Даже породивший Чаянова русский культурный Ренессанс конца XIX – начала XX веков оказывается ему тесноват: многообразие и разносторонность интересов, энциклопедизм и талантливость во многих областях науки, искусства и литературы, соединившиеся в одном человеке, поистине поразительны. Аграрно-экономические труды и идеи Чаянова, вырванные нынешними событиями из тьмы забвения, звучат сегодня откровениями для специалистов; искусствоведы и историки искусств зачитываются его работами в этой области; книга «Путешествие моего брата Алексея в страну крестьянской утопии», предвосхитившая, кстати сказать, оруэлловский роман «1984», становится уже классической; но Чаянов – прозаик, автор романтических повестей, писатель, так сказать, в чистом виде, ждет еще своего исследователя хотя бы уже потому, что самый этот жанр не завершился, как полагали, в XIX веке, но был продолжен, развитии достиг нового качества именно в творчестве Чаянова. Думается, настоящая публикация убедит в этом и нашего читателя…
Пожалуй, от этого многоточия и следовало бы начинать саму публикацию, но мы имеем дело с исключительной судьбой и личностью ее автора, чего не обойдешь многоточием, потому что, так или иначе, ответить придется на вопрос: что же подвело Александра Чаянова к последней дате его жизни?
В июле 1929 года была разгромлена Сельскохозяйственная академия; репрессиям подвергся весь цвет ее профессуры во главе с Чаяновым. За что? На этот риторический в наше время вопрос ответил уцелевший, но двадцать пять лет проведший в лагерях «содельник» Чаянова экономист-аграрник Николай
Павлович Макаров, протестовавший, как и Чаянов, против всеобщей принудительной коллективизации: «Мы задолго до сталинского разорения русского села поняли, как опасно отнимать у мужика его собственную землю».
Не правда ли, сам собой просится тут комментарий с проекцией на сегодняшний день, но, надо думать, читатель сделает его самостоятельно. Важно другое.

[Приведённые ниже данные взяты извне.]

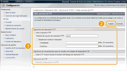 Para realizar la impresión mediante cliente FTP, marque la casilla de verificación. De lo contrario, quite la marca de la casilla de verificación.

Современники рассказывают, что, в отличие от прочих процессов тех лет, процесс «группы Чаянова» был закрытым… из-за самого Чаянова, и, как нам представляется, не без оснований. Человек не только кристально честный, но и эмоциональный, он мог сорвать четко разработанный НКВД «сценарий». Так или иначе, но все, проходившие по этому «делу», получили сравнительно небольшие или, как тогда говорили, «детские» сроки. Что касается Чаянова, он провел пять лет в камере Суздальской тюрьмы. За время заключения Чаянов написал – ну не фантастика ли! – кулинарную книгу, а затем и роман «Юрий Суздальский» (Русь, XIII век). Судьба этих рукописей неизвестна.
После «отбывания срока» в нечерноземной, так сказать, полосе последнюю пришлось сменить на другую, ибо порядок есть порядок, и ссылка в Алма-Ату была естественным продолжением.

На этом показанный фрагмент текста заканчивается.